Installation — how to install it.
Quick start — a five-minute walkthrough.
Profiles — pick the one that fits.
Rules reference — all twenty-five rules explained.
Accessibility — the WCAG AAA bar and how the site itself dogfoods the project.

Reading preferences

The whole site is built as a reading companion. Pick the font that reads best for you — it will stick across pages.

Atkinson Hyperlegible Next

A dense paragraph can ask a lot of a stretched mind. Every comma, every clause, every bracketed aside adds a little cost. Good prose keeps that cost low.

Line spacing and text size are on the way as sliders. Until then, pick a font and your browser's zoom is honoured.

License

Dual-licensed under MIT or Apache-2.0, at your option.

Installation

lucid-lint ships through four routes. Pick the one that matches your environment.

One-line installer (Linux, macOS, WSL)

curl --proto '=https' --tlsv1.2 -LsSf https://github.com/bastien-gallay/lucid-lint/releases/latest/download/lucid-lint-installer.sh | sh

The script is generated by cargo-dist for every tagged release. It detects your platform, downloads the matching prebuilt binary from the GitHub release, and places it on $PATH (default: $CARGO_HOME/bin if set, else ~/.cargo/bin).

Audit before running

curl … | sh is fast but opaque. To read the script before executing it:

curl --proto '=https' --tlsv1.2 -LsSf https://github.com/bastien-gallay/lucid-lint/releases/latest/download/lucid-lint-installer.sh -o install.sh
less install.sh
sh install.sh

The script is short — under 200 lines of POSIX shell — so a quick read is realistic. It pins the release version it was generated for, verifies the downloaded archive’s expected size, and exits non-zero on any mismatch.

Pin a specific version

latest resolves to the most recent release. To pin a known-good version:

curl --proto '=https' --tlsv1.2 -LsSf https://github.com/bastien-gallay/lucid-lint/releases/download/v0.2.2/lucid-lint-installer.sh | sh

One-line installer (Windows PowerShell)

powershell -ExecutionPolicy Bypass -c "irm https://github.com/bastien-gallay/lucid-lint/releases/latest/download/lucid-lint-installer.ps1 | iex"

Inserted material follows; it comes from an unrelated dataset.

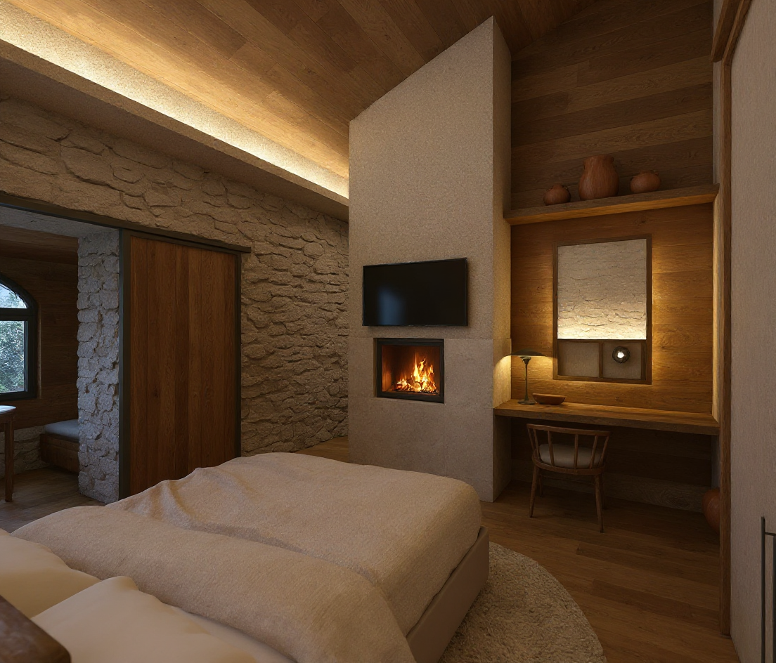 make the render more realistic turn on all the interior lights make the fire in the fireplace more realistic make the room brighter

Same cargo-dist machinery, PowerShell flavour. Drops the binary into %CARGO_HOME%\bin when CARGO_HOME is set, else %USERPROFILE%\.cargo\bin.

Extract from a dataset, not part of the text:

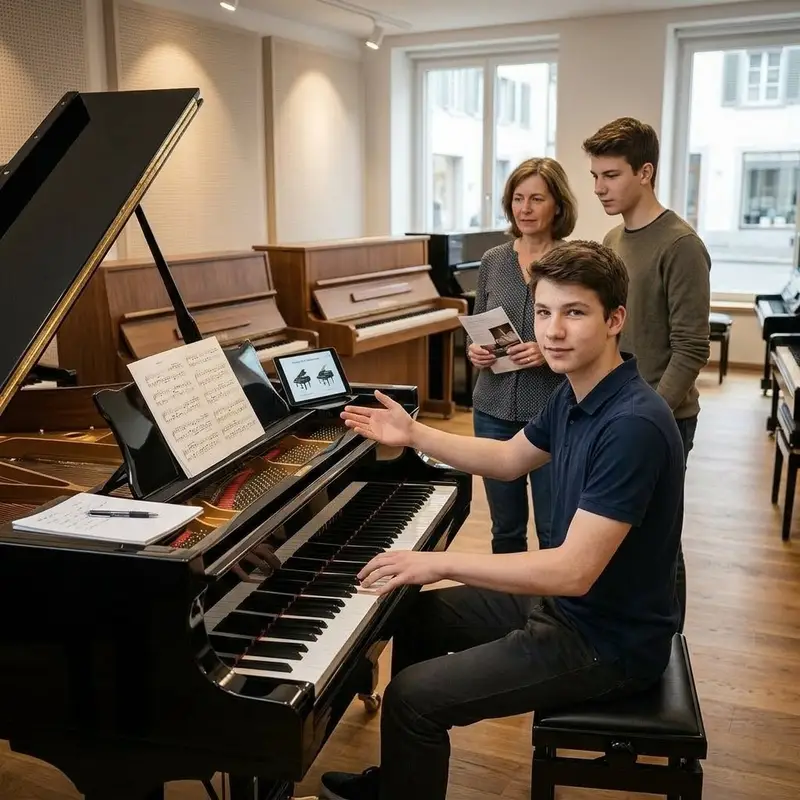 "description": "Du führst Kundinnen und Kunden im Fachgeschäft durch die Auswahl, indem du verschiedene Klaviere anspielst und Unterschiede zeigst.",

To audit before running, save the script and inspect it:

irm https://github.com/bastien-gallay/lucid-lint/releases/latest/download/lucid-lint-installer.ps1 -OutFile install.ps1
notepad install.ps1
.\install.ps1

Via Cargo

cargo install lucid-lint

This compiles from source via crates.io and places the binary in your Cargo bin directory (default ~/.cargo/bin/). Slower than the prebuilt installer but useful when the prebuilt targets don’t match your platform.

From source

git clone https://github.com/bastien-gallay/lucid-lint
cd lucid-lint
cargo install --path .

Pre-built binaries

Each release ships pre-built binaries for:

Linux (x86_64-unknown-linux-gnu, x86_64-unknown-linux-musl)
macOS (aarch64-apple-darwin, x86_64-apple-darwin)
Windows (x86_64-pc-windows-msvc)

The shell and PowerShell installers above pick the right archive automatically. To install manually, download from the GitHub releases page and put the extracted binary on $PATH.

Verify the installation

lucid-lint --version

System requirements

Rust 1.75 or newer (only needed if building from source or via cargo install).
No runtime dependencies.

Quick start

This page walks through linting your first document.

Lint a single file

lucid-lint check README.md

Output:

warning <path>/README.md:14:1 Sentence is 27 words long (maximum 22). Consider splitting it into shorter sentences. [structure.sentence-too-long]

summary: 1 warnings.
→ run 'lucid-lint explain <rule-id>' — seen here: structure.sentence-too-long
────────────────────────────────────────────────────────────
score: 88/100
       structure    ██▏░░  8/20
       rhythm       █████  20/20
       lexicon      █████  20/20
       syntax       █████  20/20
       readability  █████  20/20

The trailing block is the scoring summary — a global X / 100 score followed by the full per-category breakdown.

Lint several files

lucid-lint check docs/*.md CHANGELOG.md

Lint a directory

lucid-lint check docs/

All files with .md, .markdown, or .txt extensions will be processed.

Use stdin

echo "This is a test sentence." | lucid-lint check -

Pipe from Pandoc

For formats that lucid-lint does not parse natively yet:

pandoc report.docx -t markdown | lucid-lint check -

Choose a profile

# Strictest: Easy-to-Read
lucid-lint check --profile=falc docs/

# Looser: developer documentation
lucid-lint check --profile=dev-doc docs/

See Profiles for details.

Change the output format

# JSON for CI
lucid-lint check --format=json docs/

See CI integration for CI recipes.

Exit codes

Code	Meaning
0	No issues (or only `info`) and score above `--min-score` (if set)
1	Warnings found or score below `--min-score`
2	Runtime error (invalid args, unreadable file)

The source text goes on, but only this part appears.